Bally’s Evansville Reopens Casino After Tech Outage Forced Closure

Posted on: October 19, 2021, 12:38h. 

Last updated on: October 19, 2021, 01:17h.

Bally’s Evansville reopened late Tuesday morning after the Indiana casino closed down unexpectedly on Monday.

Bally's Evansville
Bally’s Evansville reopened Tuesday morning after officials with the company said “a hardware system outage” forced the Indiana casino to close on Monday. (Image: Bally’s Evansville/Facebook)

Diane Spiers, the executive director of public relations for Bally’s Corp., told Casino.org Tuesday that the casino reopened at 11 am CT.

The Evansville Courier & Press reported that the gaming floor closed abruptly Monday afternoon.

Due to a hardware system outage, we temporarily suspended our casino operations on Monday,” the casino’s statement read. “We are now open for business and look forward to continuing to provide a world-class entertainment destination for our guests.”

The Indiana Gaming Commission told Casino.org late Monday that it was aware of the situation.

Casino Officially Changed Name Earlier This Month

The technology issue comes just a week after Bally’s officially changed the name of the casino previously known as Tropicana Evansville.

Last year, when the Rhode Island-based gaming company was still known as Twin River Worldwide Holdings, it purchased the casino from the newly merged Caesars Entertainment as part of a $480 million deal involving Caesars and Gaming and Leisure Properties.

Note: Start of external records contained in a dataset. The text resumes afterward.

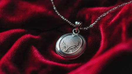 This captivating image features an elegant silver locket pendant resting on rich red velvet fabric, beautifully illuminated by soft natural light, emphasizing its intricate design.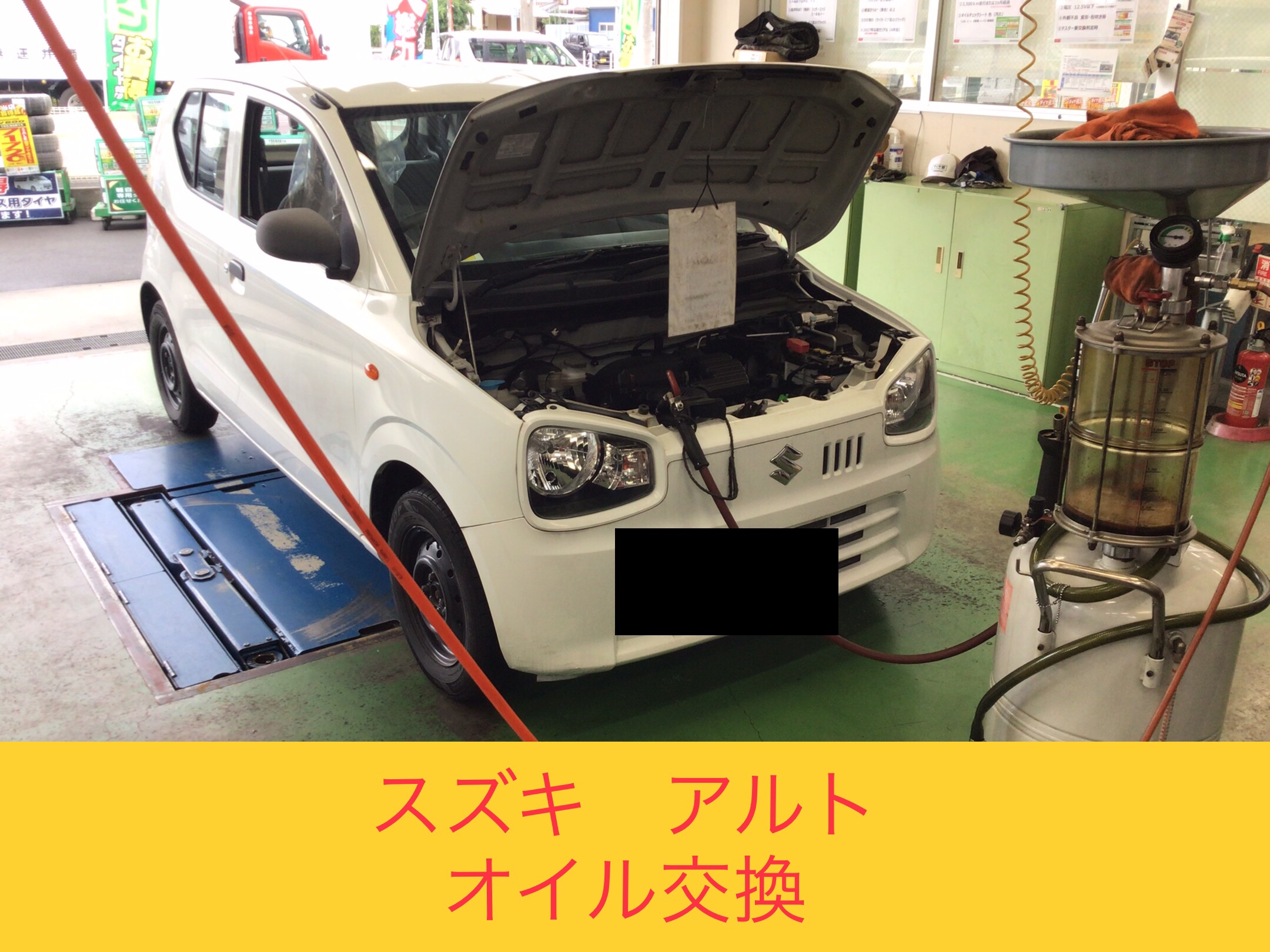 スズキ『アルト』で、オイル交換を実施中です!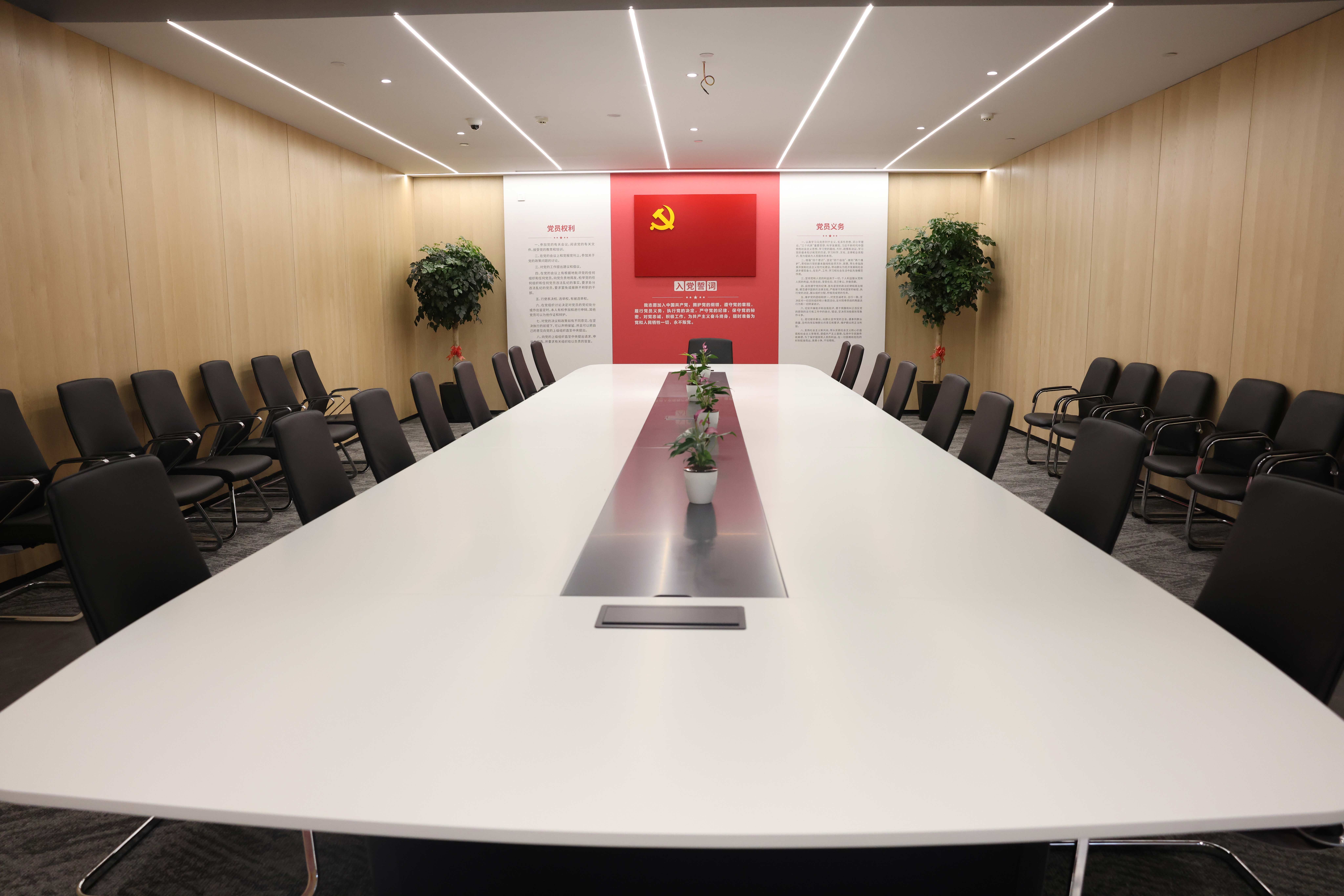 華友衢州產業園黨群服務中心形成“1+N”的功能布局,以黨群展示廳為主線,配有創業發展史展廳、職工書屋、紅色教育中心、新聞直播間、“兩代表一委員”工作室等區塊,是集教育宣傳、接待辦事、會議培訓、文化衛建等功能的開放式職工文化綜合性黨群服務陣地,實現紅色元素可觀可感,形成一道亮麗的“紅色風景線”。

Caesars, which itself was being acquired and taken over by leadership from Eldorado Resorts, was required by the Indiana Gaming Commission to sell properties in order to have the $17.3 billion deal approved. The Evansville casino was the first transaction.

The casino operations cost $140 million, while GLPI bought the property for $340 million. GLPI subsequently agreed to lease the property to Twin River (now Bally’s) with annual payments starting at $28 million.

Bally’s closed on the sale in June, officially taking ownership of the casino at that time.

The Evansville purchase was one of several the company has made since the start of 2020, as it has become one of the fastest-growing gaming companies in the country. Among its other deals was the purchase of Tropicana Las Vegas in April. But the company hasn’t just focused on brick-and-mortar casinos. Other acquisitions include the purchase of online gaming company Gamesys, which closed earlier this month, and daily fantasy sports operator Monkey Knife Fight.

About Bally’s Evansville

Evansville is where the modern era of casino gaming started in Indiana. In December 1995, Casino Aztar opened the first riverboat casino in the state, nearly two and half years after state lawmakers passed the riverboat gaming act.

It rebranded under the Tropicana flag in 2013, and four years later, Tropicana officials invested $50 million to build a land-based casino at the property. Eldorado Resorts would then buy Tropicana in 2018.

Bally’s Evansville has more than 1,000 slot machines and 30 table games. In September, according to information from the IGC, it posted adjusted gaming revenues of $12.1 million, making it the second-most profitable casino in southern Indiana.

For the 2021 fiscal year, which ended in June, the Evansville casino generated more than $33.5 million in tax revenue for the state. That ranked eighth among the 12 casinos that operated in Indiana over that period.